Rebels reject Igad conditions for Riek Machar’s freedom


South Sudan rebels have rejected conditions imposed on their leader Riek Machar for him to be released from house arrest, signalling another round of continued conflict.

Henry Dilah Odwar, the deputy chairman of the Sudan People’s Liberation Army in Opposition (SPLM/IO), said the group wants Dr Machar allowed to travel wherever he wants and without conditions.


“We are disappointed by the decision by the Council of Ministers of singling out the Chairman of the SPLM/IO and asking him not to obstruct peace when his delegation is engaging in peace talks which reflects his commitment and blessing,” he said in an open letter sent to the new Ethiopian Prime Minister Abiy Ahmed Ali.

“Based on the facts as mentioned above, it is clear that Dr Riek Machar is a subject of personal targeting in these Igad decisions.

“We cannot help but wonder as to what the motives are that inform Igad’s decisions because it is obvious that they have nothing to do with the peace process.”

On March 26, the Council of Ministers from the eight-member countries of the regional political bloc the Intergovernmental Authority on Development (Igad), gathered in Addis Ababa, Ethiopia, and agreed to lift a house arrest imposed on SPLM/IO leader Riek Machar as long as he renounces violence, does not obstruct the peace process and does not travel or stay in any of the countries that neighbour South Sudan.

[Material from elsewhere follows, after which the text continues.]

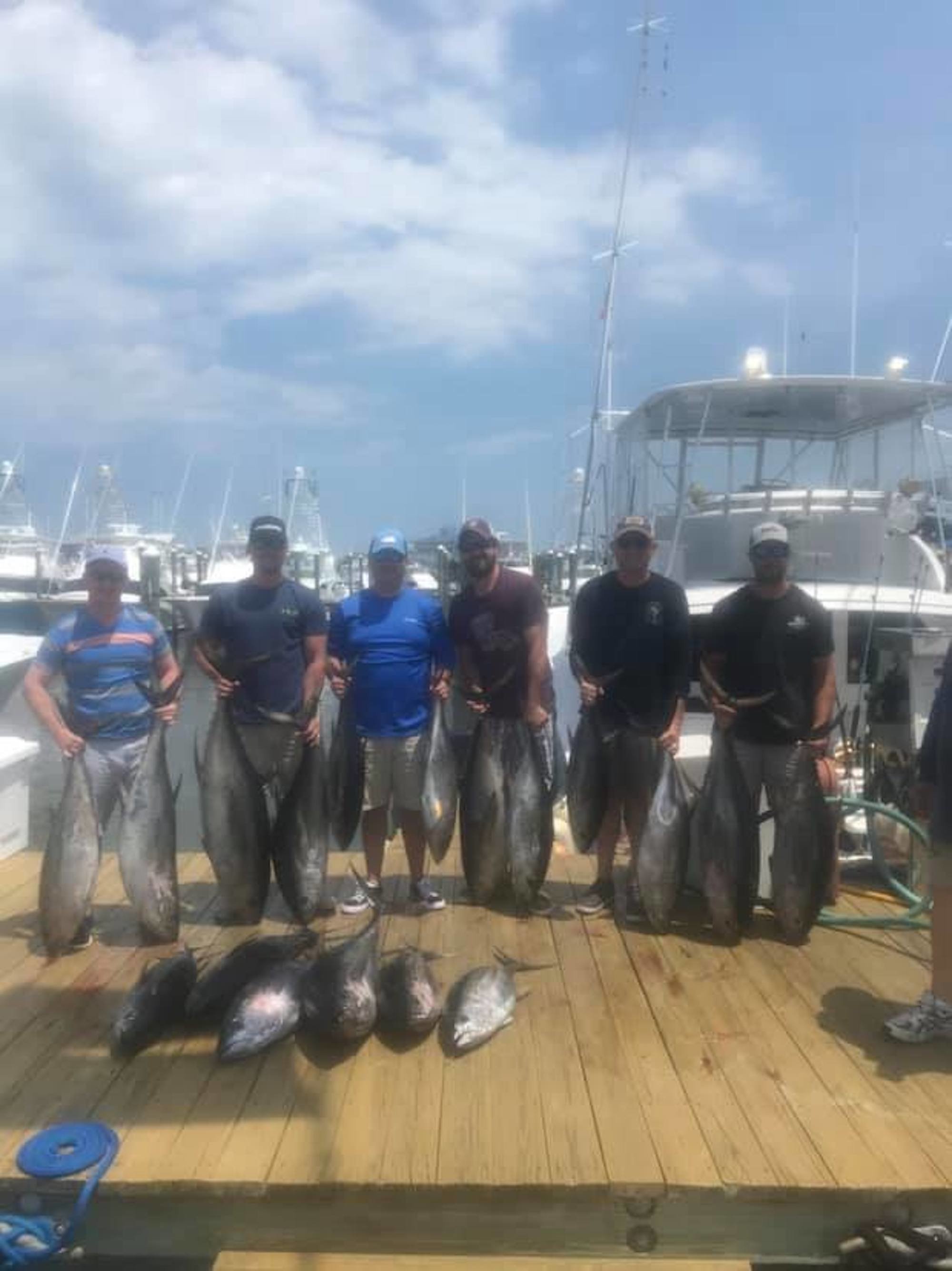 The crew of Reel Chaos with Captain Anthony Matarese Jr. filled the fish box today too with a limit of “angry” yellowfin tuna and an early trip back to the dock.

Accused of stalling the peace process, including the failed implementation of a peace agreement signed in August 2015, Dr Machar had fled South Sudan before being put under house arrest in Pretoria, South Africa.

But it was only until this week that Igad formally admitted having a hand in the house arrest.

Igad includes Kenya, Uganda, Ethiopia, Sudan, South Sudan, Somalia and Djibouti. Eritrea is also a member but rarely attends the meetings and has previously been suspended.


The rebels reject Igad’s conditions, arguing that Dr Machar, a former Vice President in South Sudan, is still an important person for the peace talks.

The rebels claim Igad was being biased in negotiating for peace by targeting to sanction rebels while looking the other way when the government of President Salva Kiir commits war crimes and frustrates the peace process.

Specifically, they charge that Kiir’s government has refused to sign the Declaration of Principles (DoP), a documents fronted by Igad to restart a renegotiation for peace.

Also, the group accuses the South Sudan government of disrespecting the Cessation of Hostilities signed early in January to allow peace talks.

“We have signed the Cessation of Hostilities Agreement and we have signed the Declaration of Principles but the government declined. Are we the ones obstructing peace? So I think the Igad Council of Ministers has missed the point,” Odwar said.

“There are no legal grounds for the house arrest of Riek Machar and we totally reject the house arrest and the proposed relocation to another country for a new house arrest.”


South Sudan’s Ambassador to the AU, James P Morgan, said his government supports Igad’s position because Machar had frustrated previous peace bids.

He told the Nation that Machar’s role should be restricted to holding consultations with his delegates to the talks, but not taking part in person.

“He has made a declaration of war so we think he should not be in South Sudan. He is always inciting the fighters,” Mr Morgan said.

“He will play the role of being consulted.”